It has been an exciting month for planets. Just days after the announcement of a detection of phosphine in the clouds of Venus, another first in planet discoveries was declared. The new find is the first planet observed to be orbiting a white dwarf; a dead star that is much smaller than the planet it hosts.
Planet WD 1856+534 b was first spotted by the NASA’s Transiting Exoplanet Survey Satellite (TESS) and confirmed with a series of observations from ground-based telescopes. The results showed the light from a white dwarf being periodically dimmed by a staggering 56% for brief 8 minutes.
For comparison, one of the easiest exoplanet types to detect is a hot Jupiter that would typically cause a 1% dip in brightness of its star over a period of a few hours.
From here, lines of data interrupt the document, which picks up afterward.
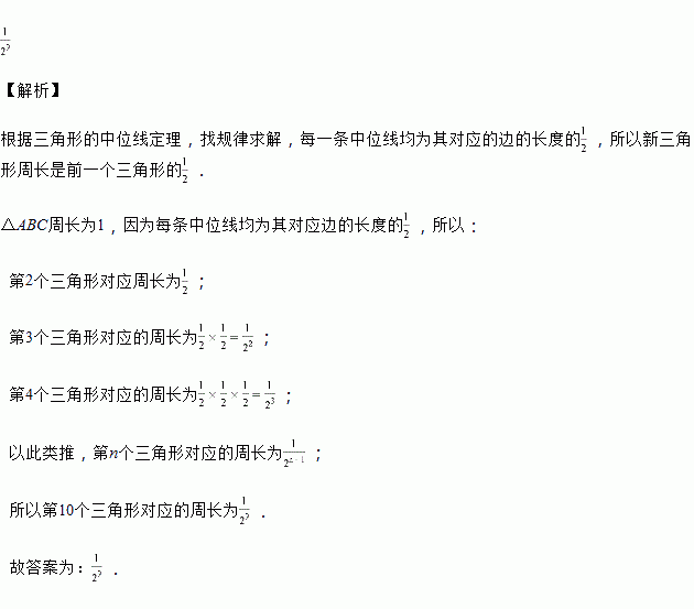 如图,已知△ABC的周长为1,连接△ABC三边的中点构成第二个三角形,再连接第二个三角形三边的中点构成第三个三角形,…,依此类推,则第10个三角形的周长为_______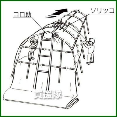 【この製品の特長】 コロ助とソリッコの併用でハウス妻面からのフィルム張りが、2人作業で簡単にできます。 フィルムを傷つけず、すばやく展張できます。 ハウスの高さ400cmまで使用可能。(400cm以上の場合は特注) ※ 画像はイメージになります。 ※ ハウス本体は付属しません。
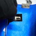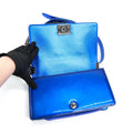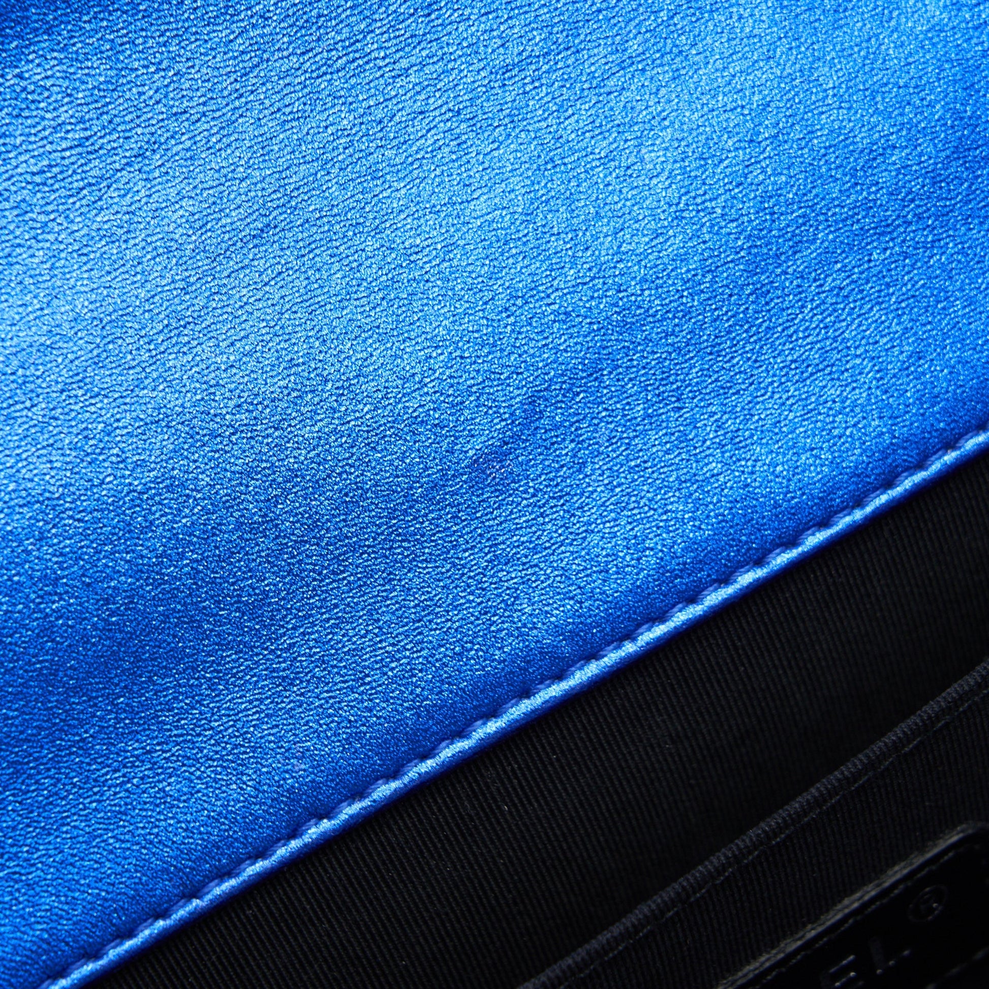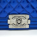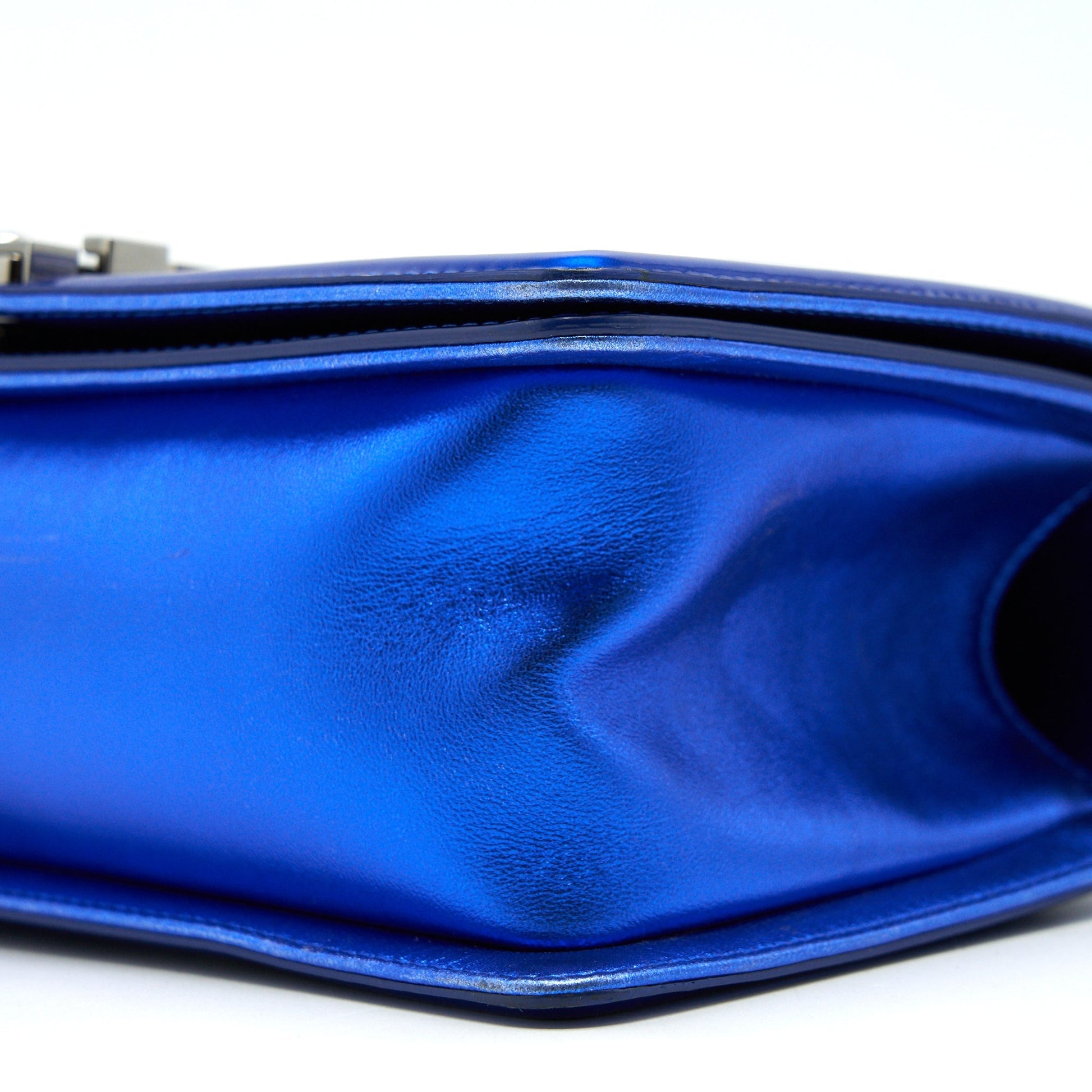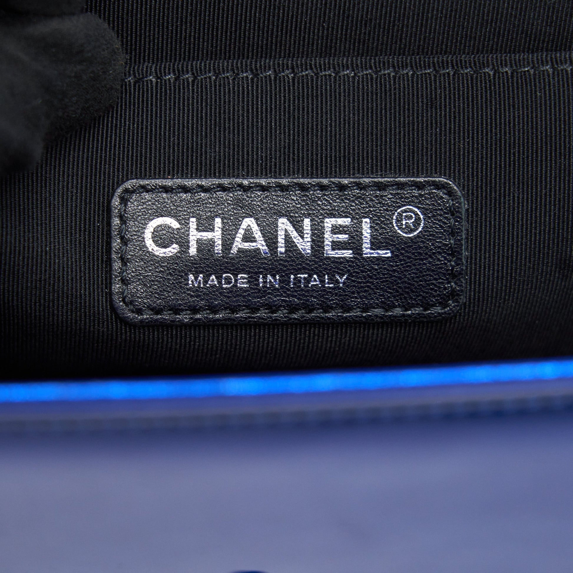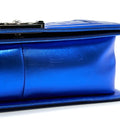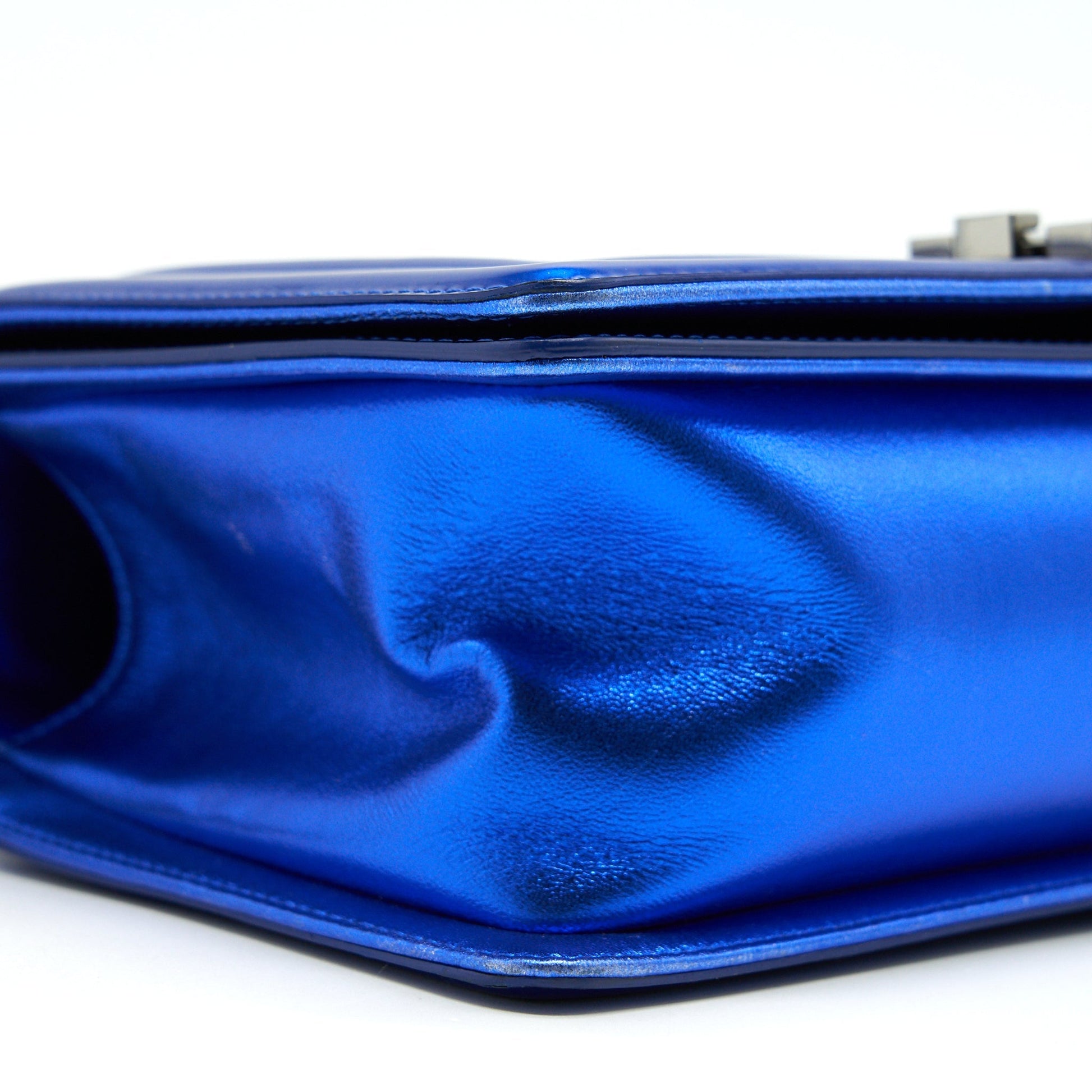 CHANEL MEDIUM LE BOY BAG IN METALLIC BLUE SHW

This suggested a Jupiter-sized planet was closely orbiting a white dwarf that was similar in size to the Earth. Light from the white dwarf is obscured each time the planet passes in front of (or transits) the dead star’s surface on its orbit. Interestingly, the light dip is shaped like the letter V, showing a gentle gradient decreasing and rising from the maximum occultation. The lack of a sharp drop in brightness implied the planet’s orbit was slightly inclined so that it grazed the white dwarf’s surface and only obscured part of the much smaller star.

Although certainly unusual, WD 1856 b is not the first planet known to orbit a smaller star. The first extrasolar planets to be discovered orbit another type of stellar remnant known as a neutron star†. While white dwarfs typically have sizes similar to a terrestrial planet, neutron stars have city-sized diameters of order 10 km.